Authored by xbolva00 on Jun 7 2019, 5:56 PM.

Diff Detail

Event Timeline

xbolva00 created this revision.Jun 7 2019, 5:56 PM
Herald added a project: Restricted Project. · View Herald TranscriptJun 7 2019, 5:56 PM

@spatel do you want to see some more tests?

I will precommit them when they are OK.

xbolva00 updated this revision to Diff 203657.Jun 7 2019, 6:07 PM

Removed one invalid Todo comment

xbolva00 marked an inline comment as done.Jun 7 2019, 6:09 PM
xbolva00 added inline comments.
lib/Transforms/Utils/SimplifyLibCalls.cpp
1495

We have no pow(int, int) intrinsic right? So there is no easy way how to do it as follow up...

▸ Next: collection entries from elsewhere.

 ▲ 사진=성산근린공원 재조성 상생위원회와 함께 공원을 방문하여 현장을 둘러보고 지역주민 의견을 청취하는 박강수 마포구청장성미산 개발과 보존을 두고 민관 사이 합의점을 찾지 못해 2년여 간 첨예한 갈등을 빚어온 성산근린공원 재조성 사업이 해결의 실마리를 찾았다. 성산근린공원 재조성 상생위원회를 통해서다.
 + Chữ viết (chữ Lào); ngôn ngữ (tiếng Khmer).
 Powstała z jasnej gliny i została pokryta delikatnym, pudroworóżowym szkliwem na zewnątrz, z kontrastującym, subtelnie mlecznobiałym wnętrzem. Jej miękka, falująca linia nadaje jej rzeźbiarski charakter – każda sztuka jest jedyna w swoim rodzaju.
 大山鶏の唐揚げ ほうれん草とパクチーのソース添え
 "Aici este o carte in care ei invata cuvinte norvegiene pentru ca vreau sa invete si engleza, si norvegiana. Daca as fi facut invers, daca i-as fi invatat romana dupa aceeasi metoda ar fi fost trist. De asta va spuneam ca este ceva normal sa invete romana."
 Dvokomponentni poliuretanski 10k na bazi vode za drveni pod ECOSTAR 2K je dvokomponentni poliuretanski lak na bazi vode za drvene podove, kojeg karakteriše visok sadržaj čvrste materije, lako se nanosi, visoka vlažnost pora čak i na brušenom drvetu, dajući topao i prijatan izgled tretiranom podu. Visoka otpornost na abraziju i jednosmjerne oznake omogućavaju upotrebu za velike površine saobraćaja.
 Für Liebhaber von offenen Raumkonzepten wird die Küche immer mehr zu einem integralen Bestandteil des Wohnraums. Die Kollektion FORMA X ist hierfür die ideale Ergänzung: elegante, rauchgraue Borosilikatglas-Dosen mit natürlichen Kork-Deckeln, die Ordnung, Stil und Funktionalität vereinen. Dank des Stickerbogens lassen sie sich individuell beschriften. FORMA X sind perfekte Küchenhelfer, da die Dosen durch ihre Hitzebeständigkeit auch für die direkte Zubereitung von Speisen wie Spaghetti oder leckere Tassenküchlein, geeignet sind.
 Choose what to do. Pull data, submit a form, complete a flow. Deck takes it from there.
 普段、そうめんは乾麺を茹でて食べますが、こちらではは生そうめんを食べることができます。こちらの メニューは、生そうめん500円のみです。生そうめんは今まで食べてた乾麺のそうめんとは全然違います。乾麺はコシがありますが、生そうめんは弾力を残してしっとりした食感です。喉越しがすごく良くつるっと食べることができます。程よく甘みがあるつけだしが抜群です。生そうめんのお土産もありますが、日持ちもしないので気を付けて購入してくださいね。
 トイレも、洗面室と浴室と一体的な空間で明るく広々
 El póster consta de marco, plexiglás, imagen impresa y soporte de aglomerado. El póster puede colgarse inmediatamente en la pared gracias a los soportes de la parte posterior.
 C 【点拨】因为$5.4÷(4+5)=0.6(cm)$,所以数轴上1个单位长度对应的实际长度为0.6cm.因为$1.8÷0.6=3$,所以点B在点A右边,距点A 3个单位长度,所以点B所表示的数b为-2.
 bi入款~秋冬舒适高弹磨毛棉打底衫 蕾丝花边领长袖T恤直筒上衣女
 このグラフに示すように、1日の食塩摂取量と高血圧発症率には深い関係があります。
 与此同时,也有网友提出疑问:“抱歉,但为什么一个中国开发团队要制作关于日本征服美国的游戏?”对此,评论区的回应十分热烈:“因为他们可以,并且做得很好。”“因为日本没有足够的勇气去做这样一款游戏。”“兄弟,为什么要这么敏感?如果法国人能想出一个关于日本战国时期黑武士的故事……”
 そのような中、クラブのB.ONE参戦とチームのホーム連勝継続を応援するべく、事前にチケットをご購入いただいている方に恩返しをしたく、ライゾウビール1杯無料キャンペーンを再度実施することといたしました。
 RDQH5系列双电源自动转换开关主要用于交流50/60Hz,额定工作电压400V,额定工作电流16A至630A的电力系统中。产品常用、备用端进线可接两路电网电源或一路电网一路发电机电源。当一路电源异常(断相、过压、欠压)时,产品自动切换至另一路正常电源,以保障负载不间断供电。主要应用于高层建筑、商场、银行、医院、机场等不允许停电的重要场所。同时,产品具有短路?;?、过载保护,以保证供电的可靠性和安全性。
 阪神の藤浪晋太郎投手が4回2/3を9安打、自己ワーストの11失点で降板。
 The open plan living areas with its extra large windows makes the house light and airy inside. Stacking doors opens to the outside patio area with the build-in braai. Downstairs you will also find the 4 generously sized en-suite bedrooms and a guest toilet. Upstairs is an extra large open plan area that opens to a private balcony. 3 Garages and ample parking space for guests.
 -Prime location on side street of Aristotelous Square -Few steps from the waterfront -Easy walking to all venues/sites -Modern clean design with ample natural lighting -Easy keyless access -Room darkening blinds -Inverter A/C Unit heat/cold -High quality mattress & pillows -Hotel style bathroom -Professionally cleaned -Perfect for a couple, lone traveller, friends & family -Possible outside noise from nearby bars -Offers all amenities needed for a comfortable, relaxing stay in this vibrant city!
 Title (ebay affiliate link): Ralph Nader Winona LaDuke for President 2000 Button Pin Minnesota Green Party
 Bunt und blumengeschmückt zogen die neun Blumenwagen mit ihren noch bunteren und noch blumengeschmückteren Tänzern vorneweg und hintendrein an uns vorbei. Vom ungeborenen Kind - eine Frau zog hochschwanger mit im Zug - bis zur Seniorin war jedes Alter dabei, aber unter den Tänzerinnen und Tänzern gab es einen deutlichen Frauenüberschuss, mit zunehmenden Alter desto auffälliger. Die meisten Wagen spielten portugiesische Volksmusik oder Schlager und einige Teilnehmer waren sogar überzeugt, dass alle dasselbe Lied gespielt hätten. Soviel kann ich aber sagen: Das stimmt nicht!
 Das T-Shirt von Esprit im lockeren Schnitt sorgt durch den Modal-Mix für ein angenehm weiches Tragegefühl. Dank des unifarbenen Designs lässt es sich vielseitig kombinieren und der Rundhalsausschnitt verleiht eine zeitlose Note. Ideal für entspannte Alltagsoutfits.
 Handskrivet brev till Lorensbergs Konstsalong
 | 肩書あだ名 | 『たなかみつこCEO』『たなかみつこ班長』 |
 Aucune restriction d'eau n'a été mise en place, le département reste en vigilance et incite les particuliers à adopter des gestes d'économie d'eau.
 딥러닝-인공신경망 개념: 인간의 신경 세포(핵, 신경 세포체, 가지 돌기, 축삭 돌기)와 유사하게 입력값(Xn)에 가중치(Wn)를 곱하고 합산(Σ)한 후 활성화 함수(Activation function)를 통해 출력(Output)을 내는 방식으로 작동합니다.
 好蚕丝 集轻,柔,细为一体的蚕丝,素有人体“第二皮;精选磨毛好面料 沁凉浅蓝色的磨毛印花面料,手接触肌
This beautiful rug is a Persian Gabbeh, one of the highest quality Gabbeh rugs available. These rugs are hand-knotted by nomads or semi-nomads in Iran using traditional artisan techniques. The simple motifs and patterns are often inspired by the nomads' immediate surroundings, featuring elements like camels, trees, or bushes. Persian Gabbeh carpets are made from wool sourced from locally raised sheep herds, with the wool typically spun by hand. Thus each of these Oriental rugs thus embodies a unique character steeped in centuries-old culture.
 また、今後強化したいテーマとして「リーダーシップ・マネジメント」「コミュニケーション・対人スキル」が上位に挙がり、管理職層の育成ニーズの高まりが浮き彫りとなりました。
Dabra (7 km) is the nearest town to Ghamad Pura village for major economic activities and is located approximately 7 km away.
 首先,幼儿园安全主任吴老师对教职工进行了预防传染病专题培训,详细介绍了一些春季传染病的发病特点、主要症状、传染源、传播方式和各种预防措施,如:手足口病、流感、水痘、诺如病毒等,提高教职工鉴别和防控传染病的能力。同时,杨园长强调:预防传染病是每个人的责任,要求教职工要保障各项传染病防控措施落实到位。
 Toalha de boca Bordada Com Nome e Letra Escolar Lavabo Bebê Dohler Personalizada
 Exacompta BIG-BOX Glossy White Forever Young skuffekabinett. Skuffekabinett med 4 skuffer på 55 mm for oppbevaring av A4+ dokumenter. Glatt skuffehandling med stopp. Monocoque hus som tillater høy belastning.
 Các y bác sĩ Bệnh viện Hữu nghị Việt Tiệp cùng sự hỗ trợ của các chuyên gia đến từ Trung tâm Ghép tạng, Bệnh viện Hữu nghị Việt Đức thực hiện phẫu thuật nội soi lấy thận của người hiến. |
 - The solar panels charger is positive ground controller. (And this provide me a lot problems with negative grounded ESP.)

xbolva00 marked an inline comment as done.Jun 7 2019, 6:14 PM
xbolva00 added inline comments.
lib/Transforms/Utils/SimplifyLibCalls.cpp
1493

Maybe I should move transformation before:
if (Value *Exp = replacePowWithExp(Pow, B))

return Exp;

?

nikic added a subscriber: nikic.EditedJun 8 2019, 12:45 AM

Can you please provide some more information under which circumstances powf(x, (float) y) will provide a different result than powi(x, y), and which fast-math flags specifically are necessary to make that transform legal?

Can you please provide some more information under which circumstances powf(x, (float) y) will provide a different result than powi(x, y), and which fast-math flags specifically are necessary to make that transform legal?

I don’t have such info, I personally think this is fine also without fast math, but since I cannot say it for sure, In the first version, I put it under fast math.

Maybe some experts like @spatel or @efriedma can confirm that this transformation is always fine?

xbolva00 updated this revision to Diff 203682.Jun 8 2019, 4:44 AM

Removed "isFast" requirement for powf(x, sitofp(n)) -> powi(x, n).
New: powf(x, C) -> powi(x, C) iff C is a constant integer value

xbolva00 updated this revision to Diff 203683.Jun 8 2019, 4:49 AM

added new test

xbolva00 updated this revision to Diff 203684.Jun 8 2019, 5:07 AM

Some tests precommited for review.
Rebased.

xbolva00 marked an inline comment as done.Jun 8 2019, 5:10 AM
xbolva00 added inline comments.
test/Transforms/InstCombine/pow_fp_int.ll
304

@spatel @nikic what do you think about this case ?

xbolva00 updated this revision to Diff 203691.Jun 8 2019, 7:26 AM

Handle uitofp too

Can you please provide some more information under which circumstances powf(x, (float) y) will provide a different result than powi(x, y), and which fast-math flags specifically are necessary to make that transform legal?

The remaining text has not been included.